Supplied data =
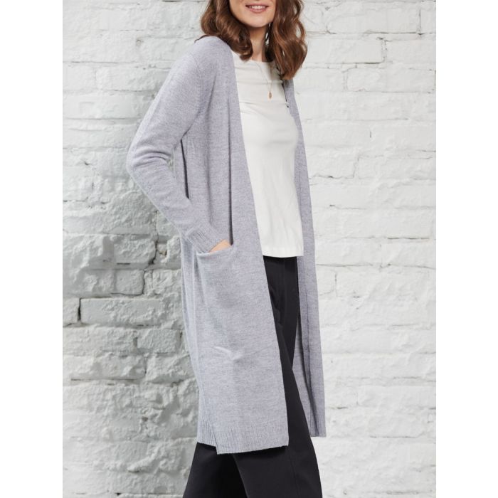 100% Merinowolle kbT Feinstrick Long Strickjacke grau von Kokon Zwo
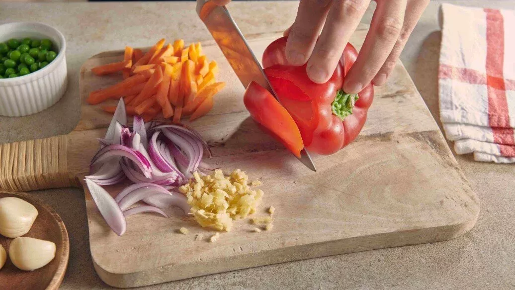 Snijd de knoflook en gember fijn. Snijd de paprika en wortel in reepjes. Snijd de rode ui en paksoi in grotere stukken.
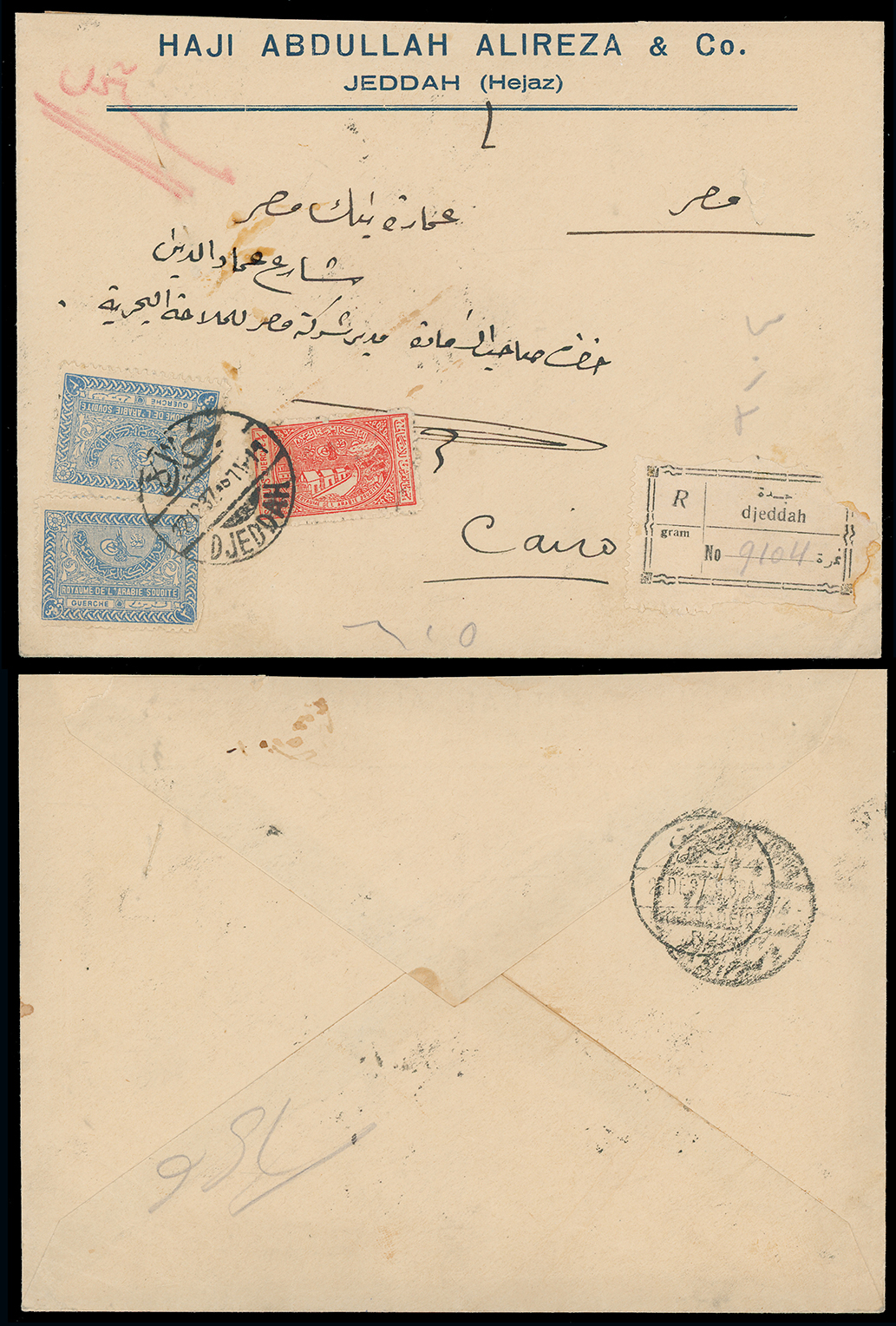 1995 c, entire, etc. imageSaudi Arabia: Kingdom of Saudi Arabia: 1937 (Dec. 22) registered cover from Jeddah to Cairo, franked by 1934-57 3g blue (2) and 1936 Charity Tax 1/8g. small format with fine Jeddah bilingual c.d.s. and registration label, arrival backstamp. (Image1)
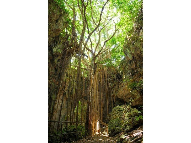 数十万年前の鍾乳洞が崩れてできた谷間にガジュマルなどの亜熱帯植物が

Work to be completed = Leaving the pictures aside, transcribe only the lines from the one containing "1995 c, entire, etc." to the final line of the listing above, inclusive, exactly as they appear.

Response area =
 1995 c, entire, etc. imageSaudi Arabia: Kingdom of Saudi Arabia: 1937 (Dec. 22) registered cover from Jeddah to Cairo, franked by 1934-57 3g blue (2) and 1936 Charity Tax 1/8g. small format with fine Jeddah bilingual c.d.s. and registration label, arrival backstamp. (Image1)
 数十万年前の鍾乳洞が崩れてできた谷間にガジュマルなどの亜熱帯植物が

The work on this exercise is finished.